DATA PROVIDED:
<<<<

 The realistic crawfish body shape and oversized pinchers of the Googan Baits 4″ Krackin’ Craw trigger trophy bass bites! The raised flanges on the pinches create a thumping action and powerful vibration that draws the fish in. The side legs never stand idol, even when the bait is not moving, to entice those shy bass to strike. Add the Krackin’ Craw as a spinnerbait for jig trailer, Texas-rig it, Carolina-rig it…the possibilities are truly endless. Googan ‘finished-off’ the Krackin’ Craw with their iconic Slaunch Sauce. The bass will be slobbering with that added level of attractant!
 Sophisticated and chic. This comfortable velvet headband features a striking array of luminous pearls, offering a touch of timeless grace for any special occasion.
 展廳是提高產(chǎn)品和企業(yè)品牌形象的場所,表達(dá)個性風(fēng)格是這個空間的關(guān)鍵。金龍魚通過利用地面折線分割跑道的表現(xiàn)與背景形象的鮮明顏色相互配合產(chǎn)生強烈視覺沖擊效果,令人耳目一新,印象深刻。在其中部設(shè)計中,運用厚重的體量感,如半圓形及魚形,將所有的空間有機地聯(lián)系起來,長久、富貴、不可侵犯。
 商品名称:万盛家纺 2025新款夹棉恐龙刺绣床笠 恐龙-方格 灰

>>>>
<<<<

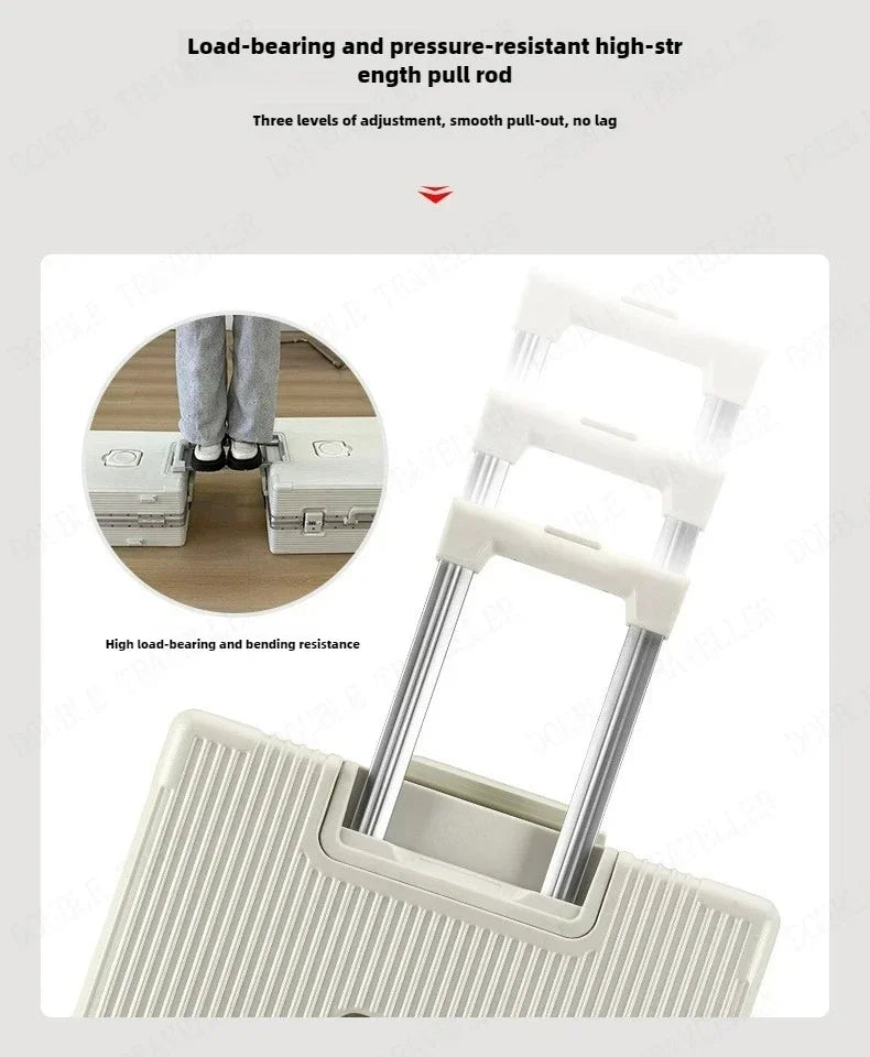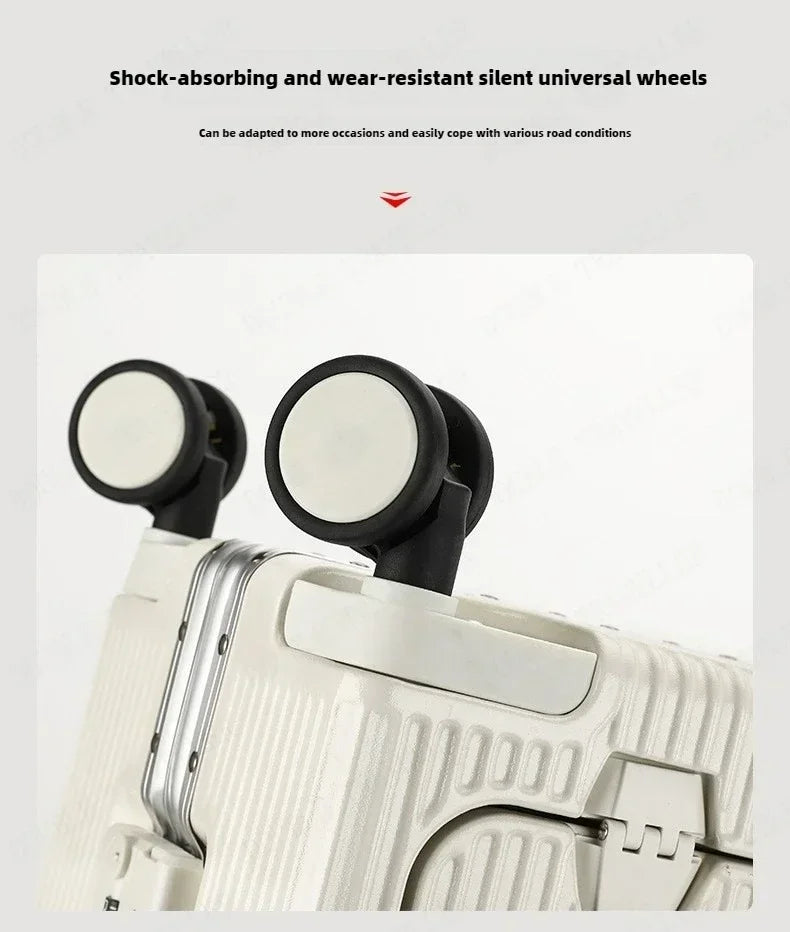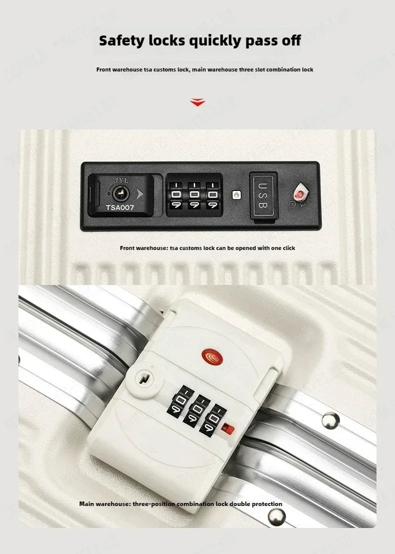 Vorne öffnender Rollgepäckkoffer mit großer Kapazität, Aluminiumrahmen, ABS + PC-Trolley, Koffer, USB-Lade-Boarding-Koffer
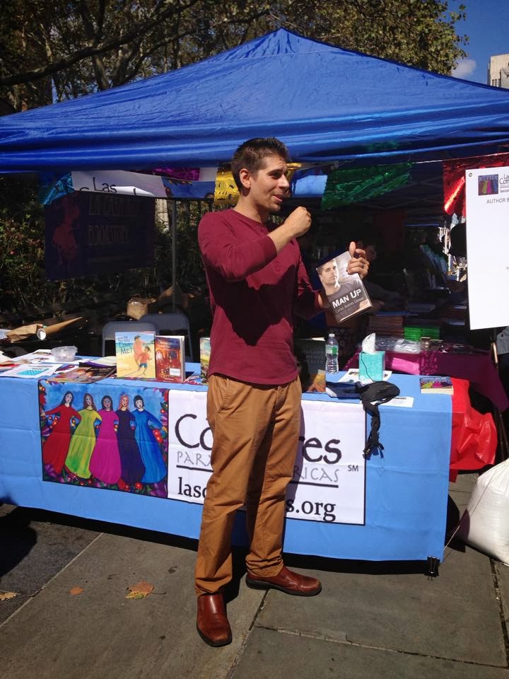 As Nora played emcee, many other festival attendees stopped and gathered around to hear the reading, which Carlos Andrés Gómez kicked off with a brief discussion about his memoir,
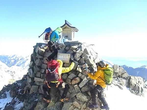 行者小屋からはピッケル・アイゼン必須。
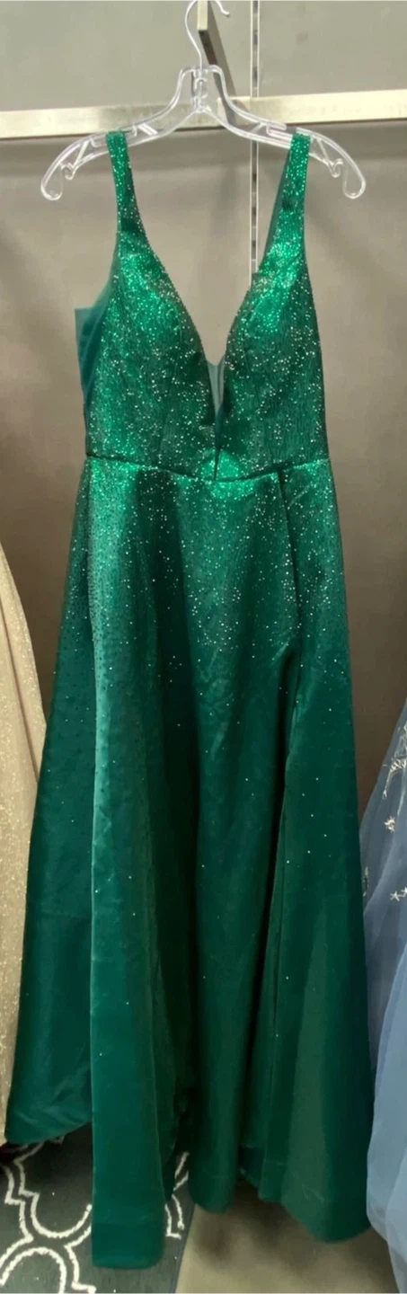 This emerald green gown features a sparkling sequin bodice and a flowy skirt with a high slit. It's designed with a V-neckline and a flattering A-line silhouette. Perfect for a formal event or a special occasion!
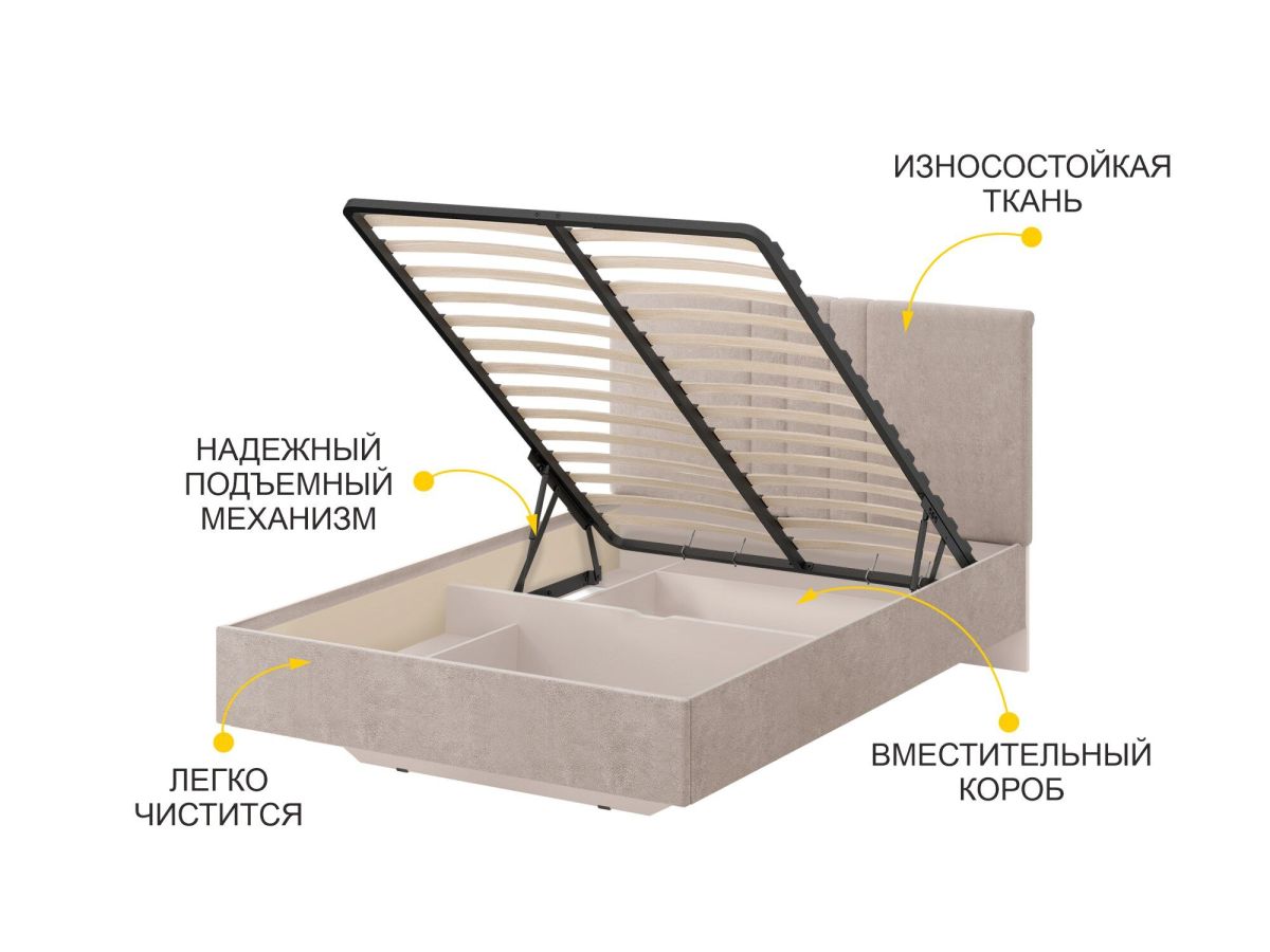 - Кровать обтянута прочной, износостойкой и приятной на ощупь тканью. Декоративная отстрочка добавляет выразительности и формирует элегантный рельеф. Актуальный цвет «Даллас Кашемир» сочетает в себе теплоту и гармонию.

>>>>
<<<<

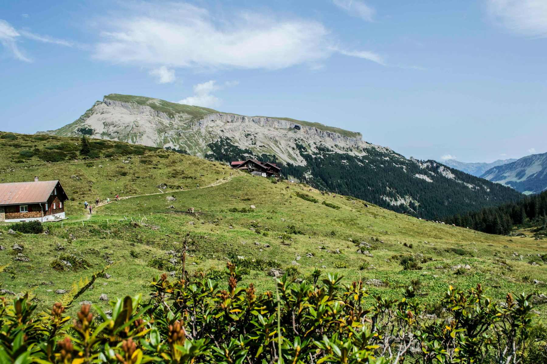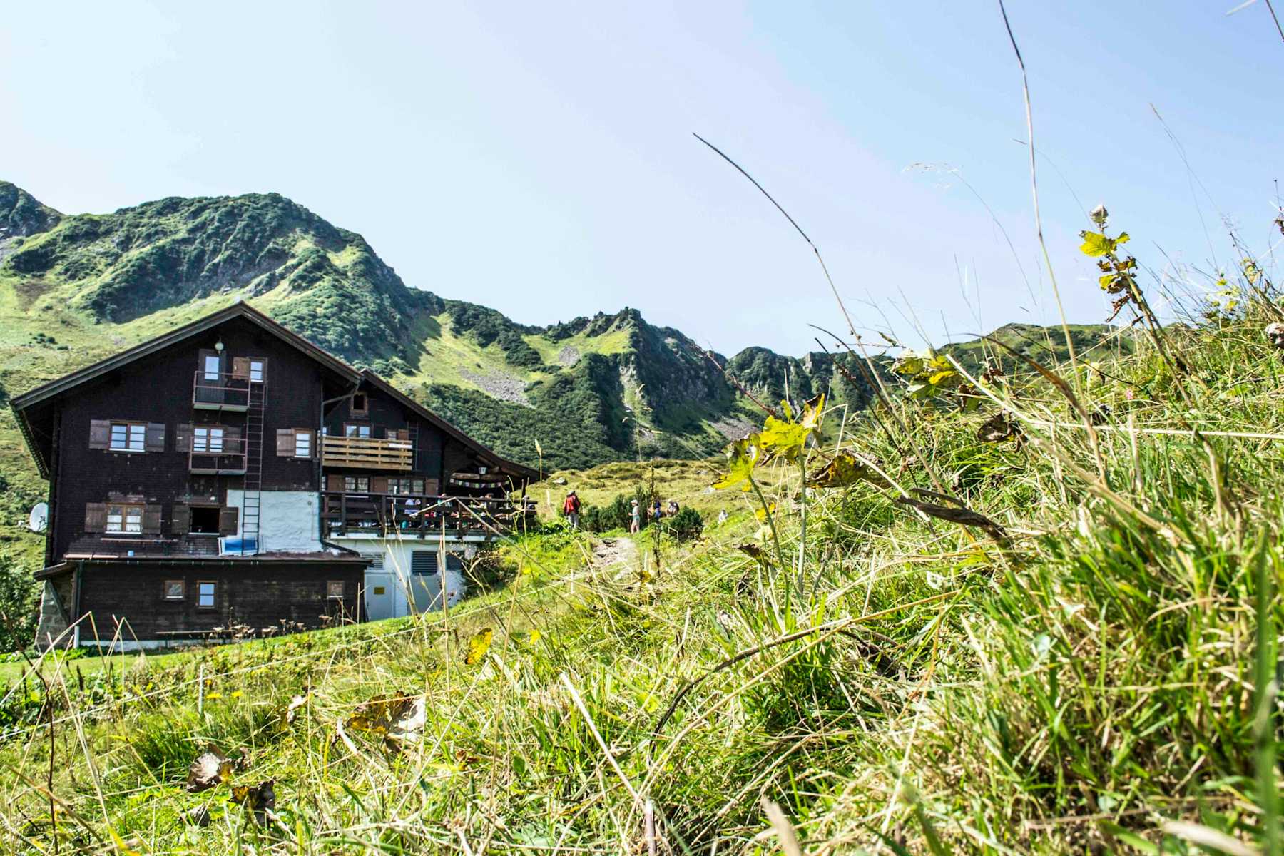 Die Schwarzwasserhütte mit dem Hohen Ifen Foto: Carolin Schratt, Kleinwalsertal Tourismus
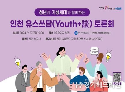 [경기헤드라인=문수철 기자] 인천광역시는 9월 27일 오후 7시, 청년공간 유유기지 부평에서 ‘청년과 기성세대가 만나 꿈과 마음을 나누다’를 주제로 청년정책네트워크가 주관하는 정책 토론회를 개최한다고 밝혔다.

>>>>

WHAT IS NEEDED:
Please copy the lines in the records above between the one holding "展廳是提高產(chǎn)品和" and the one holding "商品名称:万盛家纺 2025新款夹棉恐龙刺绣床笠 恐龙-方格 灰", inclusive, exactly and with no other line.

RESPONSE BELOW:
 展廳是提高產(chǎn)品和企業(yè)品牌形象的場所,表達(dá)個性風(fēng)格是這個空間的關(guān)鍵。金龍魚通過利用地面折線分割跑道的表現(xiàn)與背景形象的鮮明顏色相互配合產(chǎn)生強烈視覺沖擊效果,令人耳目一新,印象深刻。在其中部設(shè)計中,運用厚重的體量感,如半圓形及魚形,將所有的空間有機地聯(lián)系起來,長久、富貴、不可侵犯。
 商品名称:万盛家纺 2025新款夹棉恐龙刺绣床笠 恐龙-方格 灰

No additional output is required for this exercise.